Cette déclaration a été faite lors d'une interview avec la publication indienne Autocar et était sans équivoque : « Les moteurs à combustion ne disparaîtront jamais. Jamais. » Cette fermeté est rare dans une industrie qui navigue souvent prudemment entre réglementations et attentes du marché. Goller a indiqué que BMW ne croit pas à un scénario « véhicules électriques uniquement ».

Cela reflète la vision stratégique officielle de l'entreprise. Les véhicules essence et diesel continueront de répondre à la demande dans de nombreux marchés mondiaux, et BMW se positionne en conséquence.

La stratégie des trois voies

Que cela signifie-t-il pour la gamme de modèles ? BMW proposera des véhicules dans trois catégories principales :

  • modèles 100 % électriques,
  • versions traditionnelles essence et diesel,
  • hybrides et options expérimentales telles que les véhicules à hydrogène.

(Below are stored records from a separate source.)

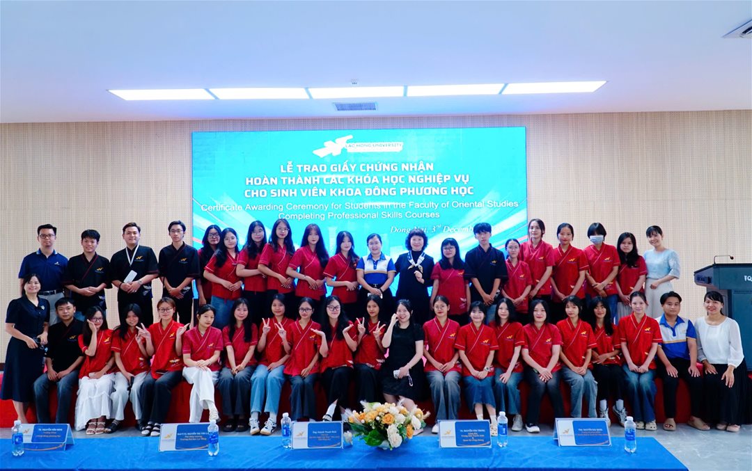 Ngày 3/12/2025, tại cơ sở 1 – Trường Đại học Lạc Hồng, Khoa Đông Phương học đã long trọng tổ chức Lễ trao Giấy chứng nhận các lớp học Nghiệp vụ nghề nghiệp cho sinh viên các ngành thuộc khoa. Sự kiện là hoạt động ghi nhận nỗ lực học tập và rèn luyện của sinh viên trong suốt học kỳ vừa qua.
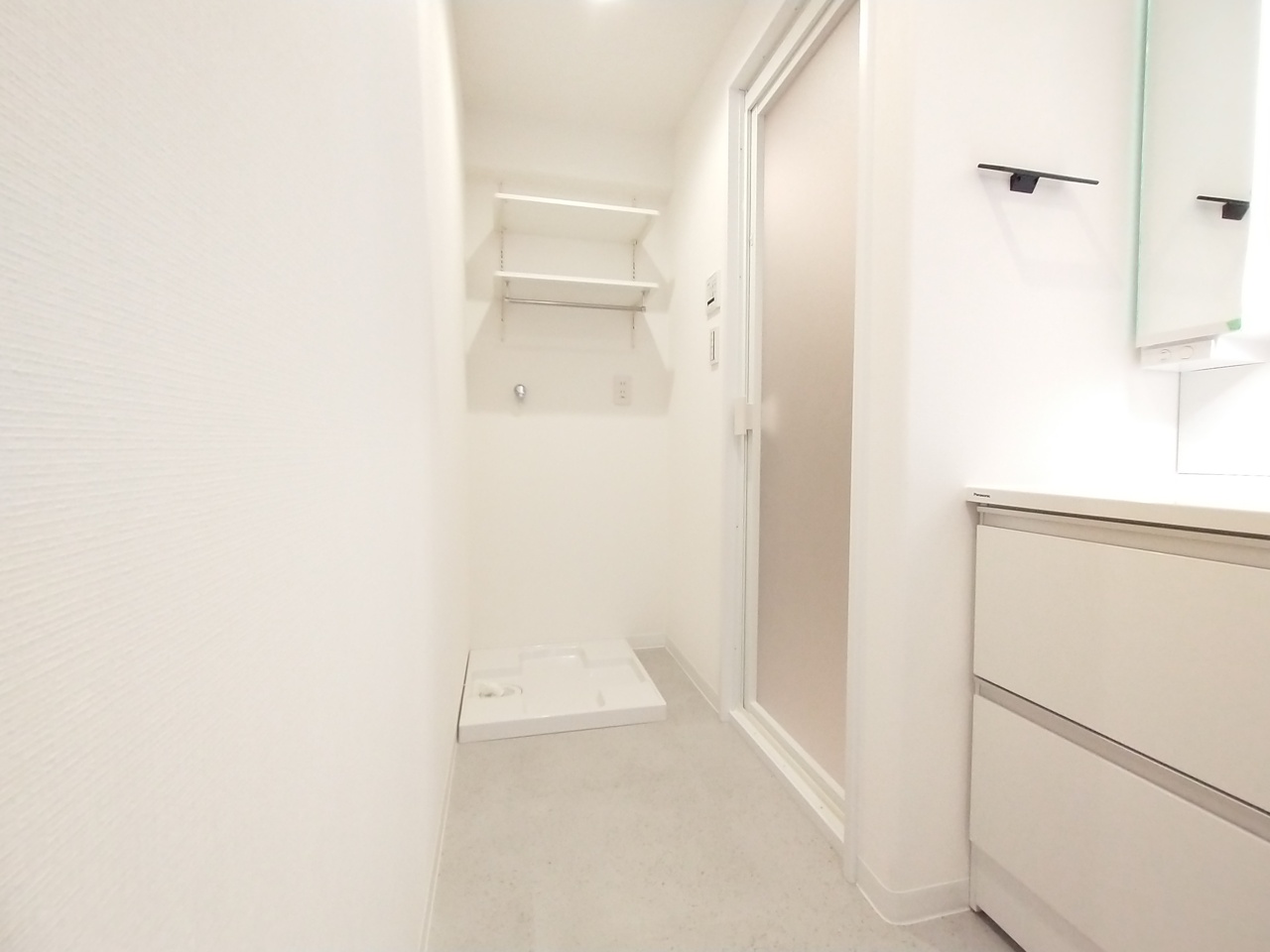 たっぷりの収納を設けたシャワー付洗面台で快適な暮らし。
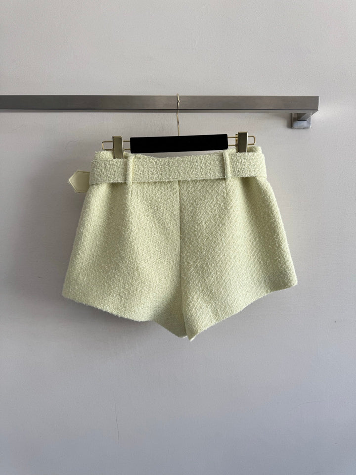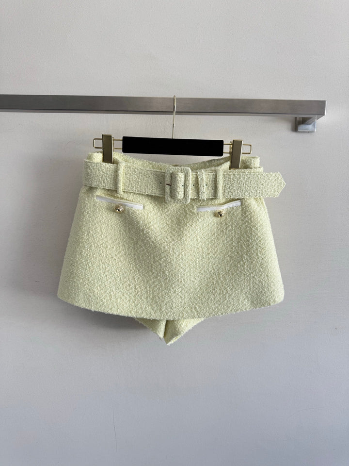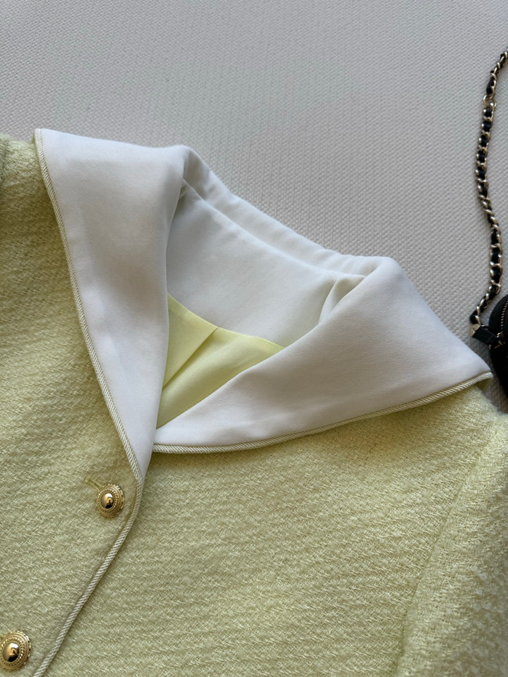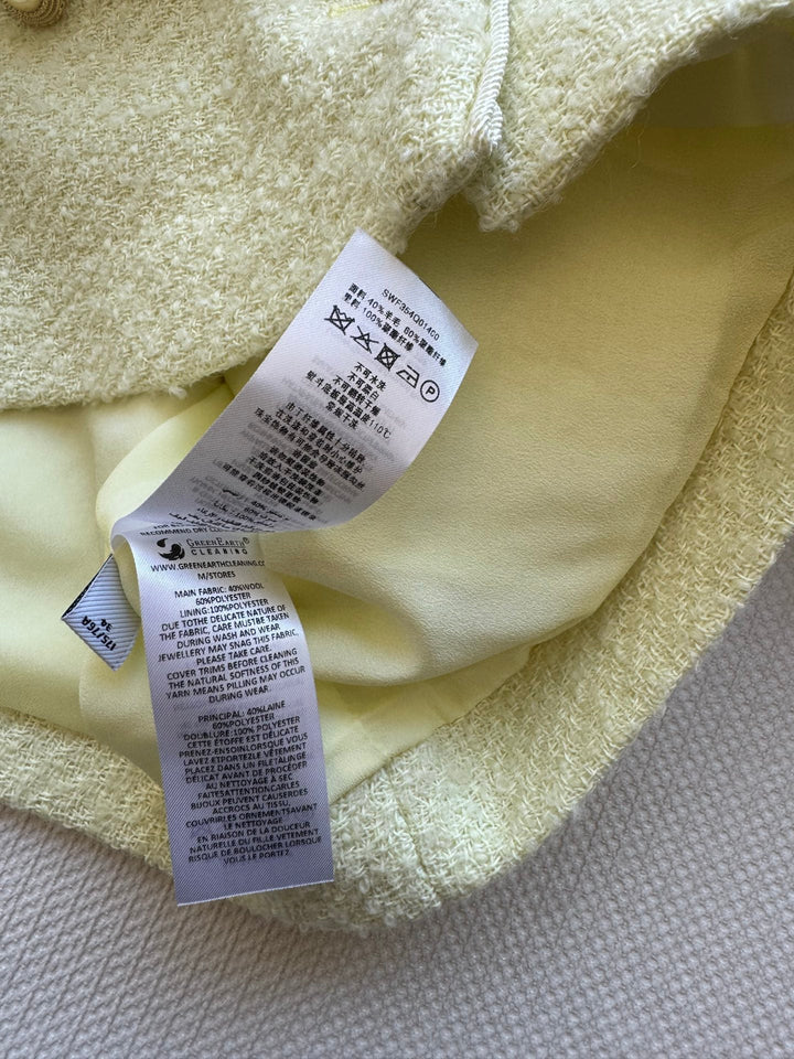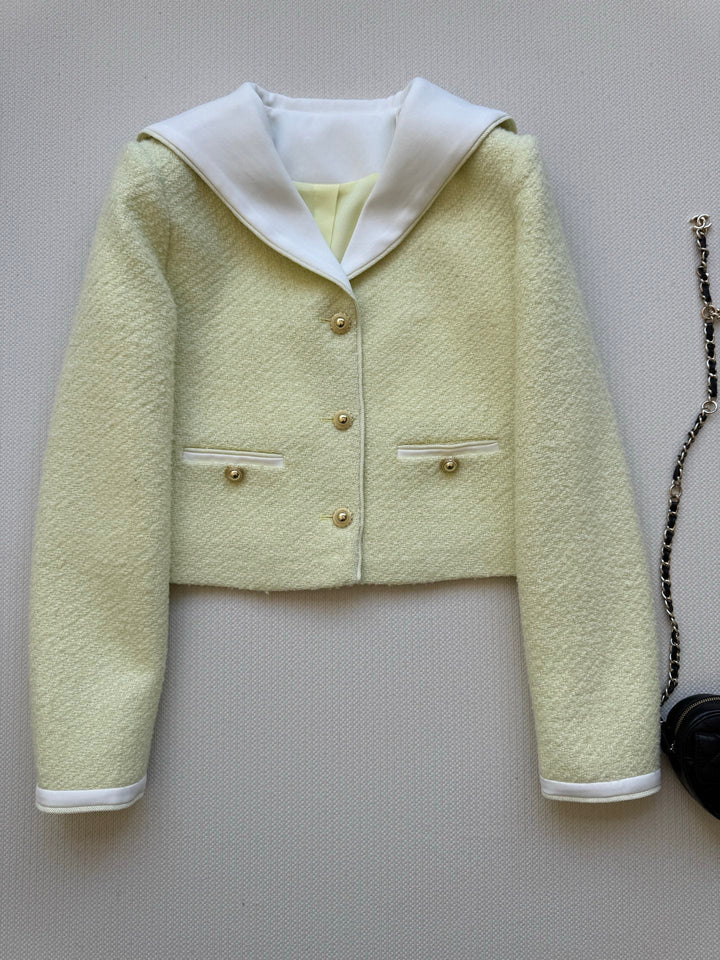 25 new navy collar Chanel style suit. Contrast navy collar design with exquisite double pocket embellishment. ✨ The short version enhances the body proportion. Paired with the same belted culottes, this set is absolutely stunning. It is simply the outfit of a chaebol daughter. The top is youthful and smart without losing the elegance and sweetness! This yellow is very whitening👍 Wearing it gives off a ladylike temperament, plus the overall color is also healing and beautiful🤩 A must-have for fair-skinned and wealthy women~
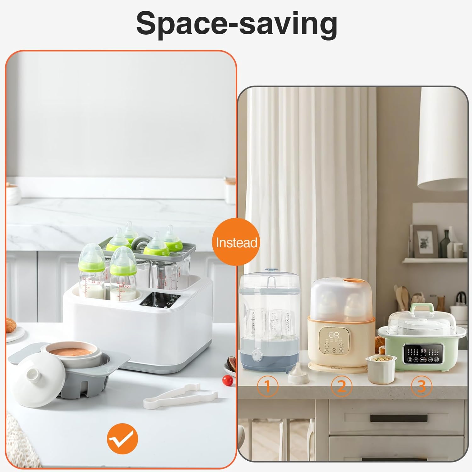 [Space-Saving Design]: With sanitizer, dryer, milk warmer, and heating baby food functions all in one compact unit, it frees up precious kitchen counter space for new mothers
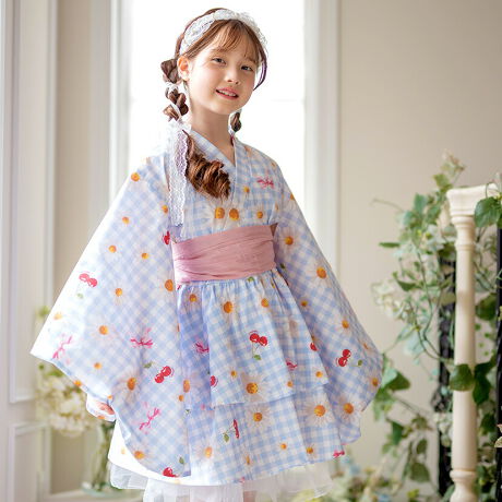 ひざ上丈のティアードスカートでかわいくデザインした浴衣ドレスです。
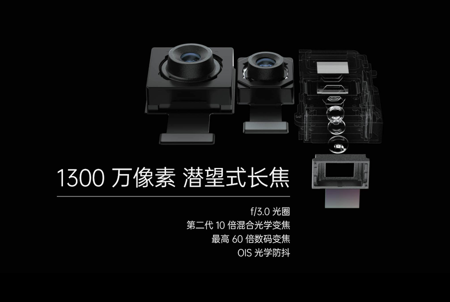 1300万像素潜望式长焦镜头支持10倍混合光学变焦,高60倍数码变焦,第二代 10 倍混合光学变焦能带来更顺畅的变焦体验。
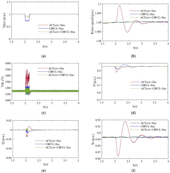 Figure 6 illustrates the dynamic responses of a 1.5 MVA WT-based PMSG system during a two-phase asymmetrical grid fault, employing ACTcrw, CBFCL, and ACTcrw + CBFCL. The fault lasts for 150 ms in this study. A two-phase asymmetrical grid fault is introduced at t = 2.0 s and is cleared at t = 2.15 s.
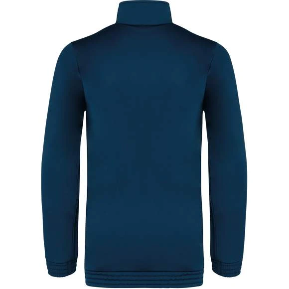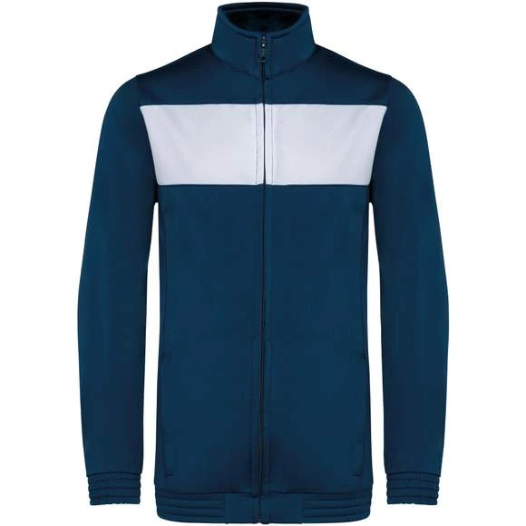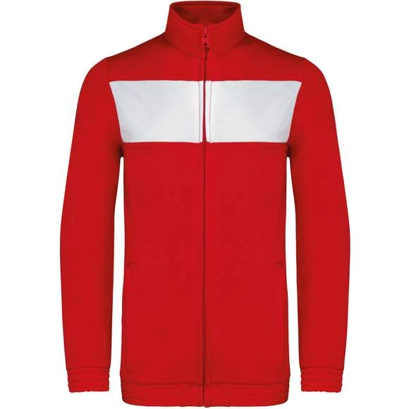 100% polyester tricot. Fermeture zippée. Empiècement poitrine contrasté. 2 poches latérales zippées. Bas de manches et de vêtement élastiqués. Coupe ajustée moderne. Grammage : 210g/m²

La marque mise sur des plateformes polyvalentes permettant d'équiper un même design avec différents types de propulsion. Cette approche réduit les coûts de développement et offre au client un véritable choix.

Une approche différente de la concurrence

Au contraire de Mercedes-Benz et Porsche, qui ont séparé les lignes de véhicules électriques et à combustion, BMW applique le même langage de design quel que soit le groupe motopropulseur. Le client n'a pas à sacrifier l'esthétique pour choisir son moteur.

Et l'environnement ?

On peut arguer que le monde se dirige vers des émissions zéro et que BMW va à contre-courant. Cependant, il existe des nuances. Des normes telles que Euro 7 se sont révélées si strictes que de nombreux ingénieurs les considèrent éloignées de la réalité pratique. Par ailleurs, les véhicules électriques ont également un impact environnemental important lors de la production des batteries, et dans de nombreux pays l'électricité provient encore de sources fossiles.

C'est pourquoi une stratégie exclusive d'électrification ne semble pas être la seule alternative viable.

Prix et pertinence

Aujourd'hui, un véhicule électrique moyen de BMW comme l'i4 ou l'iX démarre à 55 000 à 70 000 euros. En revanche, les versions essence des mêmes séries commencent autour de 40 000 à 45 000 euros. Cette différence rend les moteurs à combustion interne pertinents dans de nombreux marchés pendant encore longtemps.

Les propos de Goller soulignent l'importance de maintenir une diversité de technologies de propulsion pour répondre aux besoins variés des consommateurs à l'échelle mondiale.